The appointment would be Australia's first to the powerful body, coming amid criticism of its own human rights record against indigenous people and asylum seekers in offshore detention centres on Nauru and Papua New Guinea's Manus Island.
"We didn't use our aid budget, we didn't make promises we couldn't keep," the paper quoted Bishop as saying on Friday in the Serbian capital of Belgrade. "We very much campaigned on our record and how we would act on the Human Rights Council."
Australia secured 141 written pledges and more than 20
verbal pledges from 192 U.N. members to back its bid, the paper said.
On Saturday, Bishop's office said it could not confirm Australia had been guaranteed a spot, but added, "We are looking forward to making a positive contribution," ahead of October's announcement of the council's composition.

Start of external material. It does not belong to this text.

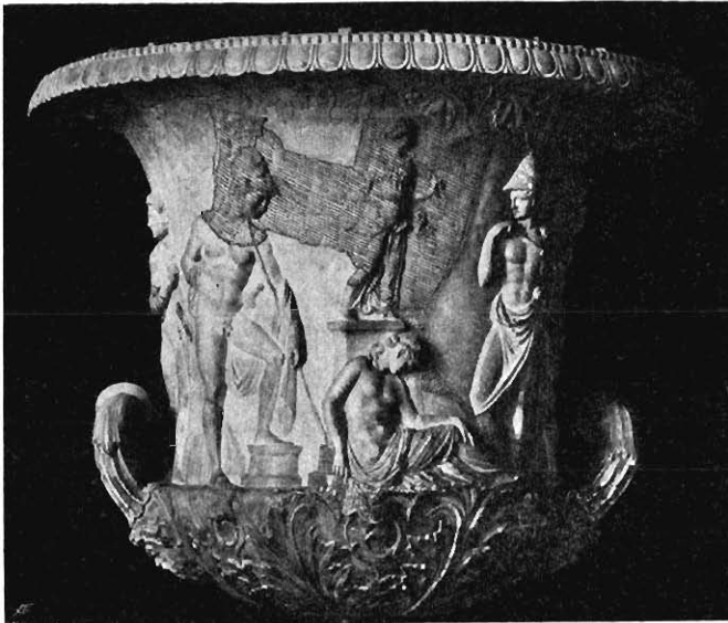
19: Mediceischer Krater. Ergänzungen im Figurenfriese schraffiert.

bleibt Lanzis Angabe, daß der Figur, als die Vase in Florenz ankam, ihr Oberkörper fehlte. Antik kann aber, ganz abgesehen von stilistischen Gründen, das Fragment aus folgender Erwägung nicht sein: Oberkörper und Kopf hängen — mit Ausnahme von einem winzigen Teil des Hinterkopfes — nicht mit der Grund-

The U.N. has previously criticised Australia's treatment of its indigenous peoples, with a report from its special rapporteur, Victoria Tauli-Corpuz, due in September.
The report, on her 15-day visit in March, reviewed the impact of laws surrounding the government's 2007 intervention aimed at curbing alcohol abuse, domestic violence and improving the health of indigenous Australians in remote communities.
France's foreign ministry announced its withdrawal in a statement on Thursday that backed Spain's bid for the second vacancy.